Bu da kalan üçünün ‘gerçek’ eşyalar olduğu anlamına geliyordu….
Ve dikkatini diğerlerinden daha fazla çeken bir eşya vardı.
['Malzeme eşyası: Dünya Ağacının Parçası'nı buldunuz. Alacak mısınız?]
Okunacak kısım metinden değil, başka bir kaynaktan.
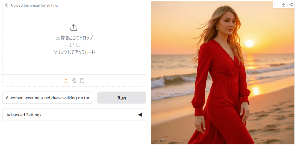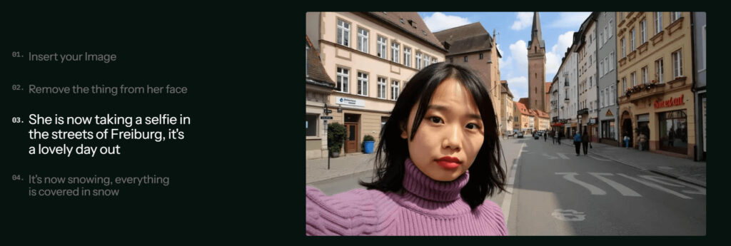 例えば、「冬服を着た人物の画像」を参照画像として読み込ませて、「季節を夏にして、半袖の服に変更」と指示するだけで、構図や人物の特徴を保ったまま自然に夏服姿に変換してくれます。今までの画像生成AIでは難しかった、このような“一貫性のある変換”が簡単にできるようになったんです!

‘Bu Malzeme Eşyası olayı nedir?’
Böyle bir şeyle ne yapabilirdi ki? Veya Sistem bunun bir arayışla ilgili bir şey olabileceğini mi ima etmeye çalışıyordu?
Jin-Woo'nun merakı, daha önce duymadığı bir eşya türünü okuduktan sonra uykusundan uyandı. Eşyanın üzerindeki açıklamayı okumak istiyorsa önce onları edinmesi gerekiyordu. Bu nedenle, tüm eşya edinme mesajlarında ‘evet’i seçti.
"Hepsini al."
Vulkan'ın farklı yerlerinden parlayan ışıklar eşyalara dönüştü ve bunu söyler söylemez ayaklarının yanında belirdi.
Bir çift küpe, kırmızı mermere benzer bir nesne ve yetişkin bir kadın kadar büyük bir kereste. Aralarında ‘Dünya Ağacının Parçası’ hangisinin olduğunu hemen anlayabiliyordu.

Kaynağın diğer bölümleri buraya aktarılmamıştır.